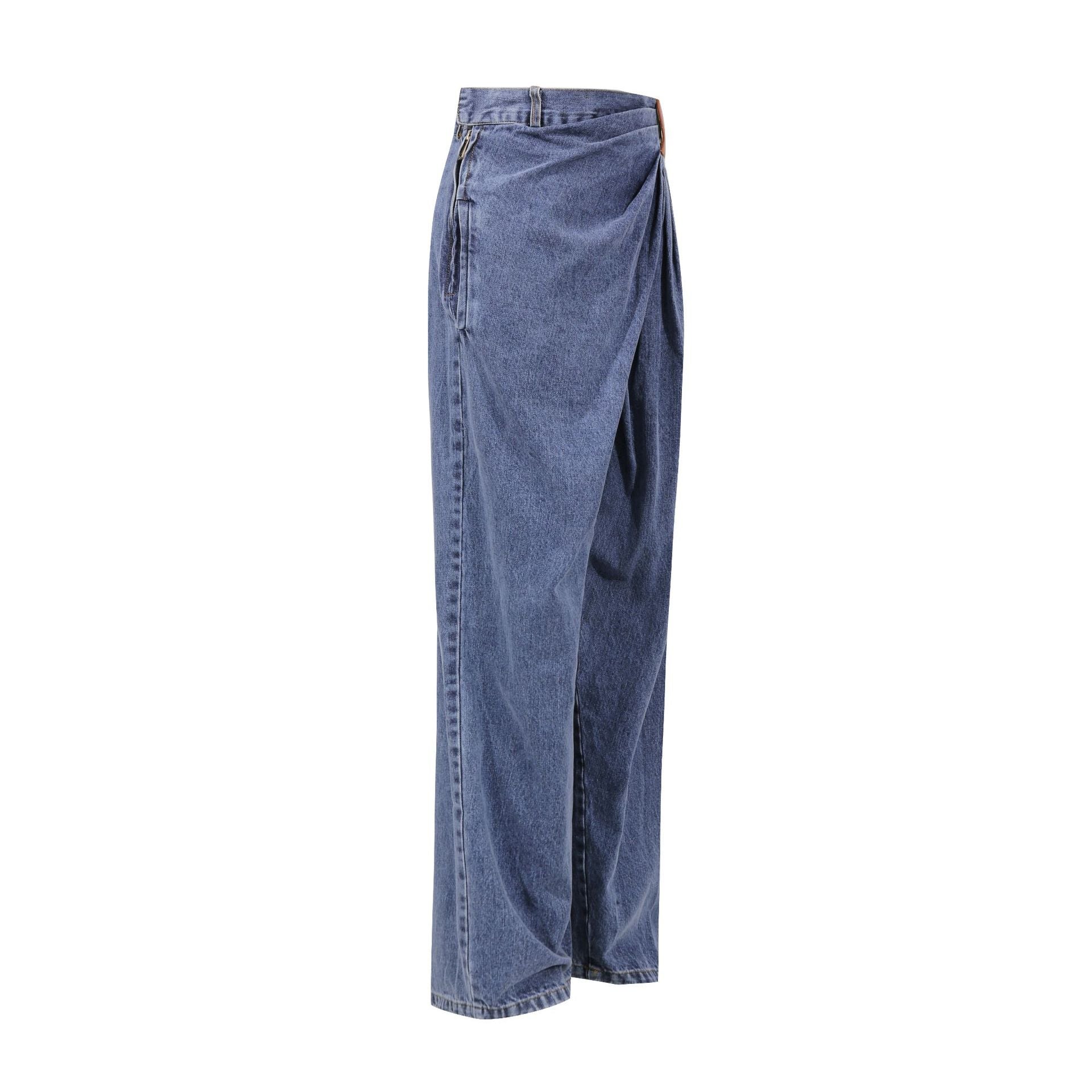 Women's Fashion Personality Summer Trendy Pleated Stitching Jeans
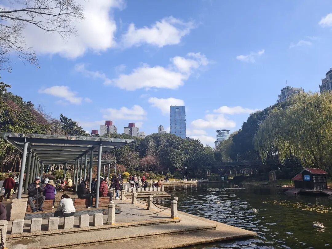 上午十点,徐家汇公园内,游客们或在林荫步道悠然散步,或在长椅上休憩,热爱歌唱的阿姨爷叔们相聚树下奏乐合唱。汇金湖畔人气十足,市民们围坐在湖边长亭,享受闲适的时光。
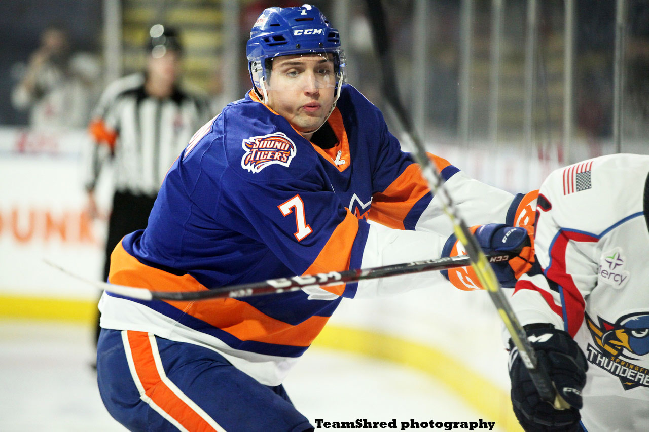 New York Islanders‘ undrafted, 3rd year defenseman Grant Hutton(7) is getting first looks at the NHL, appearing in his debut games.
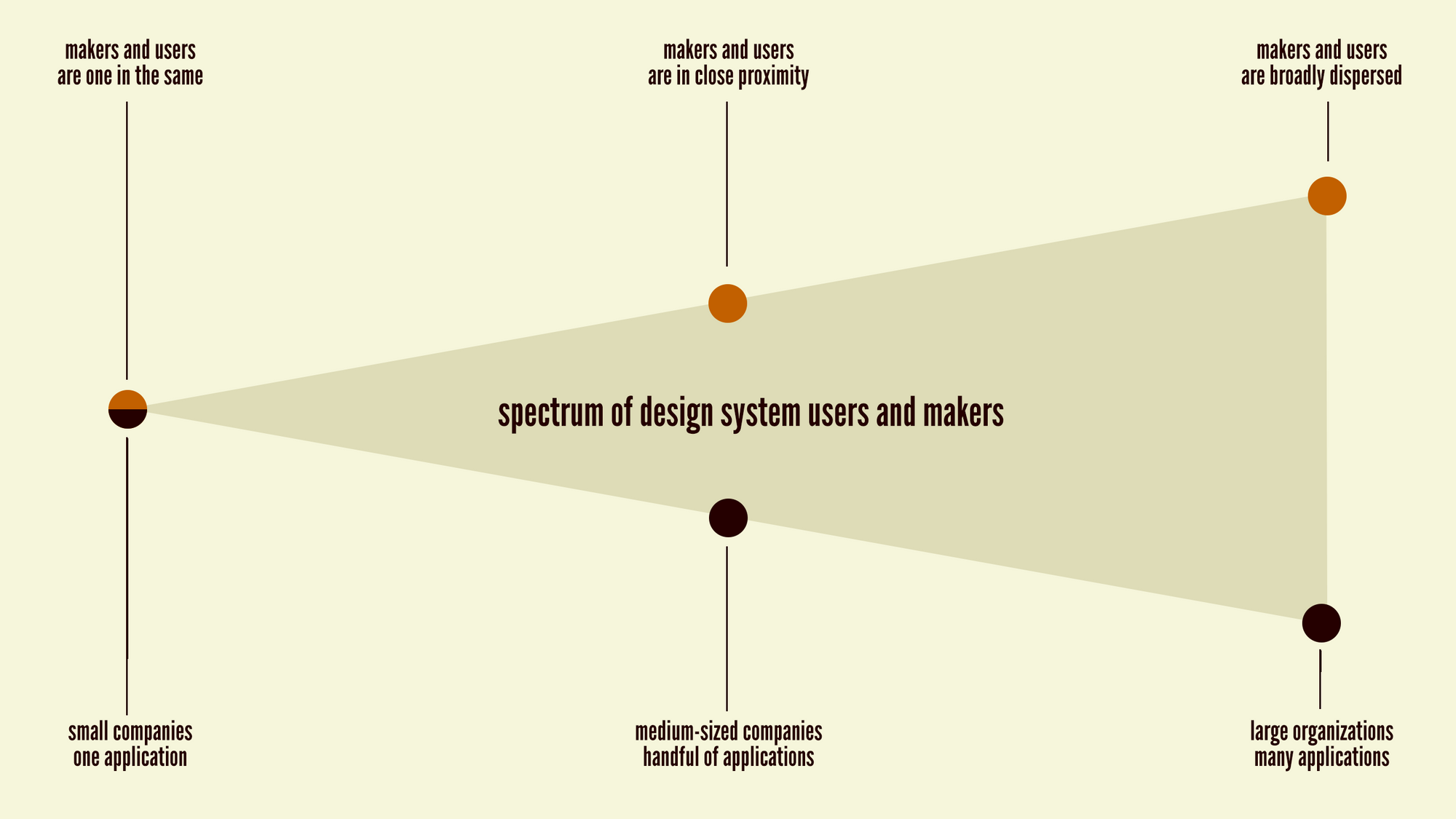 디자인 시스템은 조직의 규모, 서비스의 수에 따라 관리하고 사용하는 인원이 늘어나는 경향이 있습니다. 소규모 스타트업인 경우 현실적으로 전담 운영팀을 꾸리기도 어렵고 디자인 시스템을 활용하는 사람이 시스템을 만드는 경우가 많지만 Salesforce, Airbnb와 같은 대규모 기업인 경우 전담 운영팀을 갖추어 조직적으로 사용자를 관리하기도 합니다.
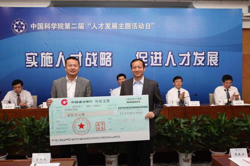 人才发展主题活动日上,詹文龙副院长系统介绍了中科院近期人才工作的最新进展及相关政策举措,举行了中国科学院“海外评审专家”聘请仪式,有6位海外杰出人才代表受聘;一批优秀人才受到了集中表彰,其中,10位40岁以下青年学者获中国科学院青年科学家奖,50位35岁以下青年学者获中国科学院卢嘉锡青年人才奖,10位高级技能人才被授予中国科学院技术能手荣誉称号。在活动日中,还举行《人才强院》图书的发行仪式。同时,还举行了力高集团(香港)有限公向中国科学院的捐赠仪式,所捐资金由于支持中国科学院吸引和支持杰出的科技人才。
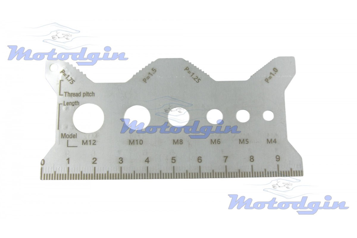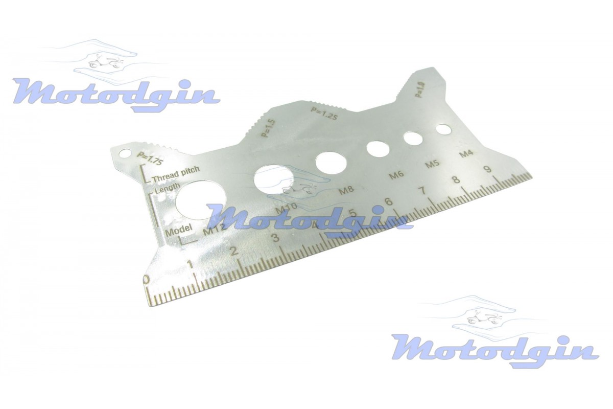 Різьбомір лінійка для заміру різьблення болтів і шпильок дозволяє заміряти довжину болта до дев'яти см, а також діаметр болта від чотирьох до дванадцяти мм. Цей різьбомір можна використовувати тільки із зовнішнім різьбленням крок від 1 до 1.75.
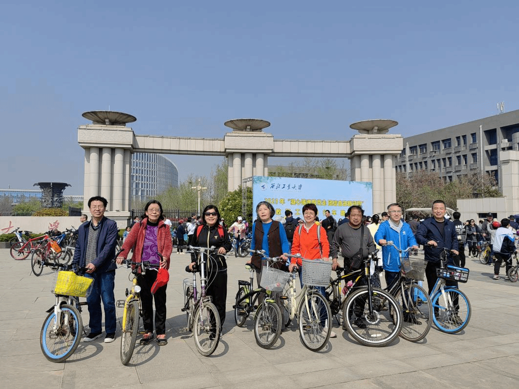 上午7点,教职工们按照提前安排的路线分别从友谊校区、长安校区出发。在春意暖阳照拂下,伴着徐徐微风,大家兴致盎然,一路欣赏着沿途美景,感受春天的生机与魅力,在轻松而愉悦的气氛中向着终点前进。经过30多公里的骑行,大家陆续到达了终点,并在校门口合影留念。
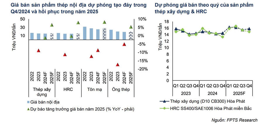 Chuyên gia FPTS dự báo sản lượng bán hàng sản phẩm thép toàn ngành năm 2025 là 32,5 triệu tấn, tăng 10,6% so với cùng kỳ. Điểm rơi tăng trưởng tiêu thụ thép dự báo trong hai quý đầu năm khi các dự án xây dựng dân dụng khởi công đầu năm cùng tồn kho ngành thấp khiến các đại lý đẩy mạnh gom hàng. Sản lượng nội địa dự báo đạt 23,8 triệu tấn, tăng 13,6% so với cùng kỳ và chiếm 73,3%. Đối với kênh xuất khẩu, tốc độ tăng trưởng năm 2025 dự báo ở mức 3,1% so với cùng kỳ, giảm tốc so với thực hiện cùng kỳ và tương đương 8,7 triệu tấn.
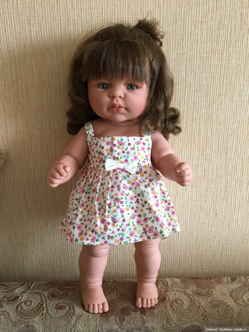Оригинальная Испанская новая кукла Диана.Девочка полностью виниловая на прямых ножках Может самостоятельно стоять и сидеть.Все части тела подвижны. С анатомически половыми признаками.Кукла имеет легкий аромат ванили.Блондинка с распущенными волосами не парик волосы прошиты по всей голове.Можно делать прически.Серые акриловые глазки обрамлены пушистыми ресничками, глазки не закрываются.На всём теле имеются складочки как у настоящего ребёнка.Одета белые трусики и белый сарафанчик с рисунком, одежда вся снимается.Кукла открепилась от Коробки для фото.При желании с куклой можете дополнительно купить вязаный костюмчик желтого цвета в состав его входят штанишки, платьице, шапочка, повязка на голову или комплект лисички, фото предоставлю.
————
■ Requirement: Type the listing above out again exactly, and omit all pictures.

■ Exercise output:
 Women's Fashion Personality Summer Trendy Pleated Stitching Jeans
 上午十点,徐家汇公园内,游客们或在林荫步道悠然散步,或在长椅上休憩,热爱歌唱的阿姨爷叔们相聚树下奏乐合唱。汇金湖畔人气十足,市民们围坐在湖边长亭,享受闲适的时光。
 New York Islanders‘ undrafted, 3rd year defenseman Grant Hutton(7) is getting first looks at the NHL, appearing in his debut games.
 디자인 시스템은 조직의 규모, 서비스의 수에 따라 관리하고 사용하는 인원이 늘어나는 경향이 있습니다. 소규모 스타트업인 경우 현실적으로 전담 운영팀을 꾸리기도 어렵고 디자인 시스템을 활용하는 사람이 시스템을 만드는 경우가 많지만 Salesforce, Airbnb와 같은 대규모 기업인 경우 전담 운영팀을 갖추어 조직적으로 사용자를 관리하기도 합니다.
 人才发展主题活动日上,詹文龙副院长系统介绍了中科院近期人才工作的最新进展及相关政策举措,举行了中国科学院“海外评审专家”聘请仪式,有6位海外杰出人才代表受聘;一批优秀人才受到了集中表彰,其中,10位40岁以下青年学者获中国科学院青年科学家奖,50位35岁以下青年学者获中国科学院卢嘉锡青年人才奖,10位高级技能人才被授予中国科学院技术能手荣誉称号。在活动日中,还举行《人才强院》图书的发行仪式。同时,还举行了力高集团(香港)有限公向中国科学院的捐赠仪式,所捐资金由于支持中国科学院吸引和支持杰出的科技人才。
 Різьбомір лінійка для заміру різьблення болтів і шпильок дозволяє заміряти довжину болта до дев'яти см, а також діаметр болта від чотирьох до дванадцяти мм. Цей різьбомір можна використовувати тільки із зовнішнім різьбленням крок від 1 до 1.75.
 上午7点,教职工们按照提前安排的路线分别从友谊校区、长安校区出发。在春意暖阳照拂下,伴着徐徐微风,大家兴致盎然,一路欣赏着沿途美景,感受春天的生机与魅力,在轻松而愉悦的气氛中向着终点前进。经过30多公里的骑行,大家陆续到达了终点,并在校门口合影留念。
 Chuyên gia FPTS dự báo sản lượng bán hàng sản phẩm thép toàn ngành năm 2025 là 32,5 triệu tấn, tăng 10,6% so với cùng kỳ. Điểm rơi tăng trưởng tiêu thụ thép dự báo trong hai quý đầu năm khi các dự án xây dựng dân dụng khởi công đầu năm cùng tồn kho ngành thấp khiến các đại lý đẩy mạnh gom hàng. Sản lượng nội địa dự báo đạt 23,8 triệu tấn, tăng 13,6% so với cùng kỳ và chiếm 73,3%. Đối với kênh xuất khẩu, tốc độ tăng trưởng năm 2025 dự báo ở mức 3,1% so với cùng kỳ, giảm tốc so với thực hiện cùng kỳ và tương đương 8,7 triệu tấn.
Оригинальная Испанская новая кукла Диана.Девочка полностью виниловая на прямых ножках Может самостоятельно стоять и сидеть.Все части тела подвижны. С анатомически половыми признаками.Кукла имеет легкий аромат ванили.Блондинка с распущенными волосами не парик волосы прошиты по всей голове.Можно делать прически.Серые акриловые глазки обрамлены пушистыми ресничками, глазки не закрываются.На всём теле имеются складочки как у настоящего ребёнка.Одета белые трусики и белый сарафанчик с рисунком, одежда вся снимается.Кукла открепилась от Коробки для фото.При желании с куклой можете дополнительно купить вязаный костюмчик желтого цвета в состав его входят штанишки, платьице, шапочка, повязка на голову или комплект лисички, фото предоставлю.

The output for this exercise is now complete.